WHAT THE TASK ASKS
Repeat the records below word for word and omit each image.
-- DATASET ENTRIES follows --
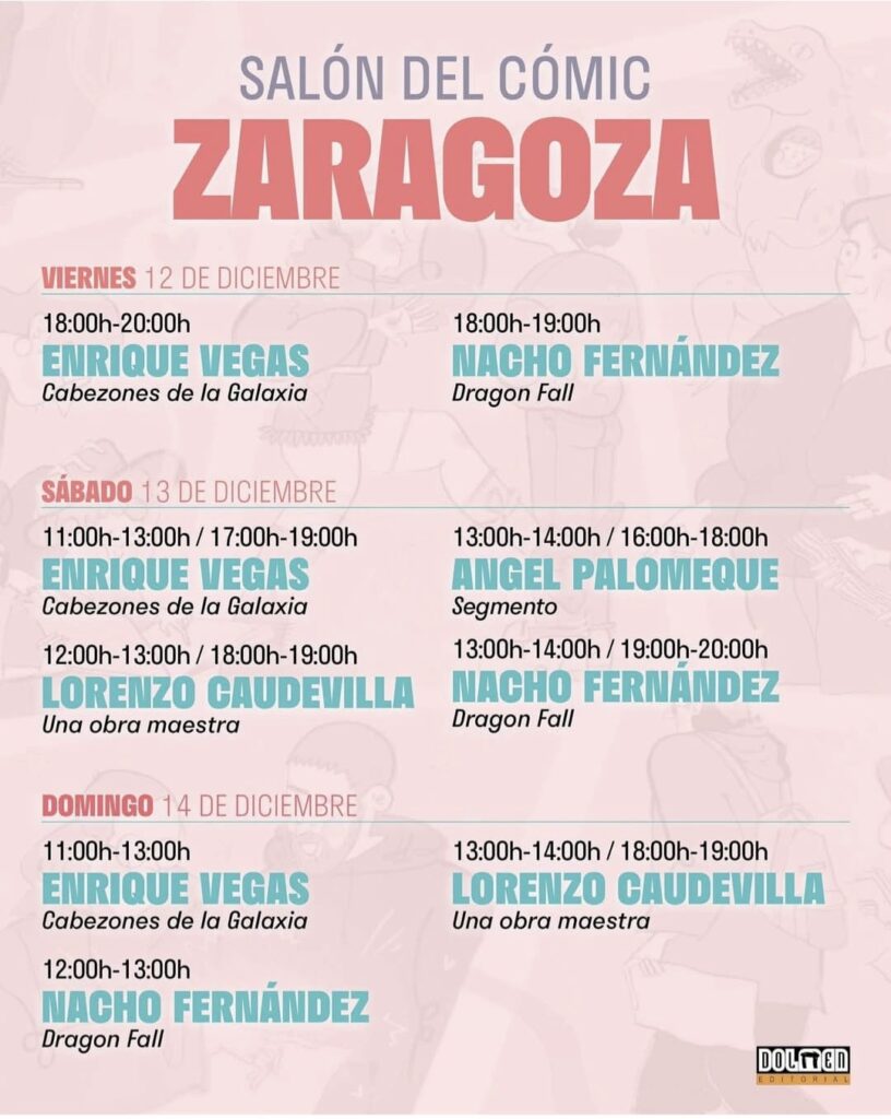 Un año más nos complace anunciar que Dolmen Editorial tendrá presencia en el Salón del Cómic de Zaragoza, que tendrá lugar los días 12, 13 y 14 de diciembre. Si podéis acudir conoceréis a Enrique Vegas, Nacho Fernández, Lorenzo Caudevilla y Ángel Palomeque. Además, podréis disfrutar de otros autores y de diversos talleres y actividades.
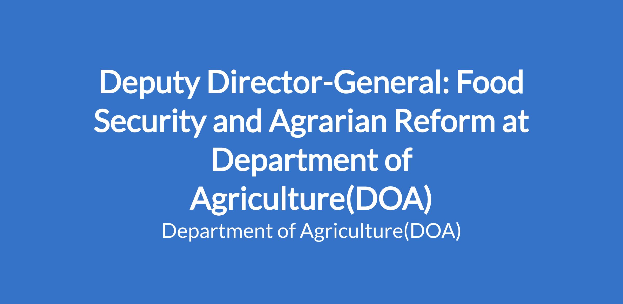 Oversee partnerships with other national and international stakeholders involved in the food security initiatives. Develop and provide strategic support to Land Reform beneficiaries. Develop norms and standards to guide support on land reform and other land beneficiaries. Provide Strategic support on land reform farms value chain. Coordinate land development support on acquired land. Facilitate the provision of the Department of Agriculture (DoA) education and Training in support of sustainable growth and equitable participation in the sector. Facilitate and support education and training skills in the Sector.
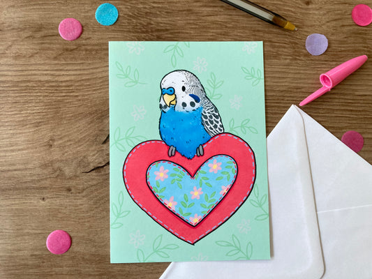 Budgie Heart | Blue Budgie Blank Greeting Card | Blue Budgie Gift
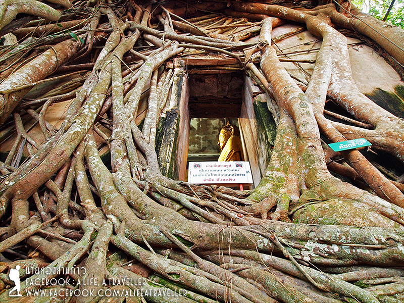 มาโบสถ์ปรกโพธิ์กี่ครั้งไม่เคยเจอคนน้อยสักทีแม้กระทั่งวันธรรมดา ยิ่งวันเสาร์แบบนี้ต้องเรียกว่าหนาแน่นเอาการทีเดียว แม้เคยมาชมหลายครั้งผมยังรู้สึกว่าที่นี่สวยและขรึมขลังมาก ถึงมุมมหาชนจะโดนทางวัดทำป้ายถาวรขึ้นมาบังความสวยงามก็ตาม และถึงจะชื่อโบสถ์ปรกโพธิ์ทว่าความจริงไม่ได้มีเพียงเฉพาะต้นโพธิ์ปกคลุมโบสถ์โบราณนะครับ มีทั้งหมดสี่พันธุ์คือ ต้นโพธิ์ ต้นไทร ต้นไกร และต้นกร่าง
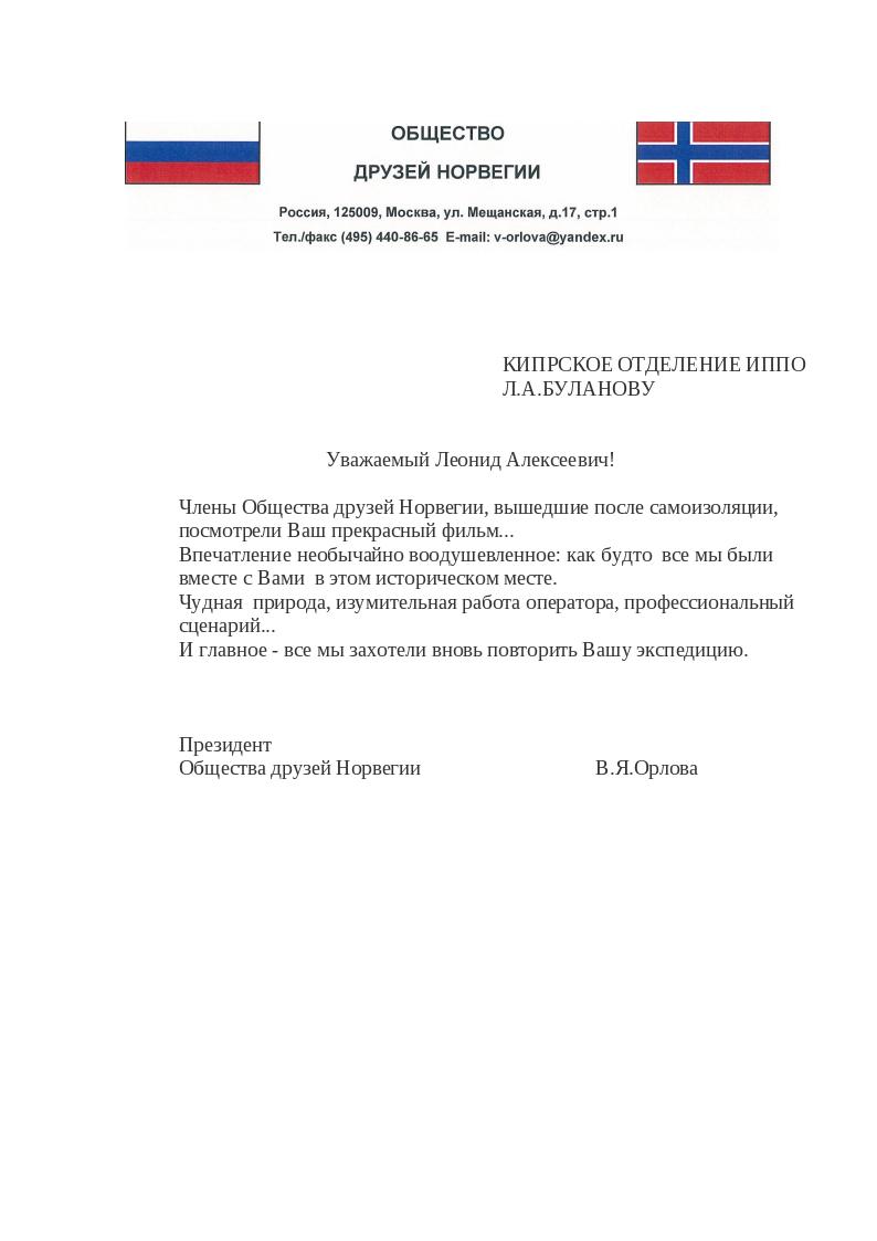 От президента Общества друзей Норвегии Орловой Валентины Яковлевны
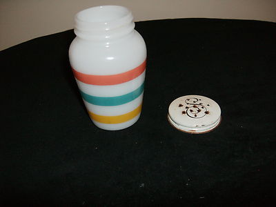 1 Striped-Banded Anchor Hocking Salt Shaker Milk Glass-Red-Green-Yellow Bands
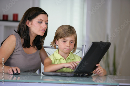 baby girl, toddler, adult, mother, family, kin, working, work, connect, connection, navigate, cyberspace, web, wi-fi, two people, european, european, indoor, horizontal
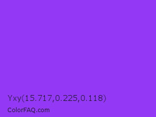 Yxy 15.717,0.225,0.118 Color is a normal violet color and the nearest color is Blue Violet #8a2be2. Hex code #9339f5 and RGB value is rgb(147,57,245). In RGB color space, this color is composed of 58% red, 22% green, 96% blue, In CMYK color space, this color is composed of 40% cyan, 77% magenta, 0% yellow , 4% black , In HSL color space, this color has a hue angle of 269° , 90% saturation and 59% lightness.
-- DATASET ENTRIES concluded --
OUTPUT OF THE EXERCISE
 Un año más nos complace anunciar que Dolmen Editorial tendrá presencia en el Salón del Cómic de Zaragoza, que tendrá lugar los días 12, 13 y 14 de diciembre. Si podéis acudir conoceréis a Enrique Vegas, Nacho Fernández, Lorenzo Caudevilla y Ángel Palomeque. Además, podréis disfrutar de otros autores y de diversos talleres y actividades.
 Oversee partnerships with other national and international stakeholders involved in the food security initiatives. Develop and provide strategic support to Land Reform beneficiaries. Develop norms and standards to guide support on land reform and other land beneficiaries. Provide Strategic support on land reform farms value chain. Coordinate land development support on acquired land. Facilitate the provision of the Department of Agriculture (DoA) education and Training in support of sustainable growth and equitable participation in the sector. Facilitate and support education and training skills in the Sector.
 Budgie Heart | Blue Budgie Blank Greeting Card | Blue Budgie Gift
 มาโบสถ์ปรกโพธิ์กี่ครั้งไม่เคยเจอคนน้อยสักทีแม้กระทั่งวันธรรมดา ยิ่งวันเสาร์แบบนี้ต้องเรียกว่าหนาแน่นเอาการทีเดียว แม้เคยมาชมหลายครั้งผมยังรู้สึกว่าที่นี่สวยและขรึมขลังมาก ถึงมุมมหาชนจะโดนทางวัดทำป้ายถาวรขึ้นมาบังความสวยงามก็ตาม และถึงจะชื่อโบสถ์ปรกโพธิ์ทว่าความจริงไม่ได้มีเพียงเฉพาะต้นโพธิ์ปกคลุมโบสถ์โบราณนะครับ มีทั้งหมดสี่พันธุ์คือ ต้นโพธิ์ ต้นไทร ต้นไกร และต้นกร่าง
 От президента Общества друзей Норвегии Орловой Валентины Яковлевны
 1 Striped-Banded Anchor Hocking Salt Shaker Milk Glass-Red-Green-Yellow Bands
 baby girl, toddler, adult, mother, family, kin, working, work, connect, connection, navigate, cyberspace, web, wi-fi, two people, european, european, indoor, horizontal
 Yxy 15.717,0.225,0.118 Color is a normal violet color and the nearest color is Blue Violet #8a2be2. Hex code #9339f5 and RGB value is rgb(147,57,245). In RGB color space, this color is composed of 58% red, 22% green, 96% blue, In CMYK color space, this color is composed of 40% cyan, 77% magenta, 0% yellow , 4% black , In HSL color space, this color has a hue angle of 269° , 90% saturation and 59% lightness.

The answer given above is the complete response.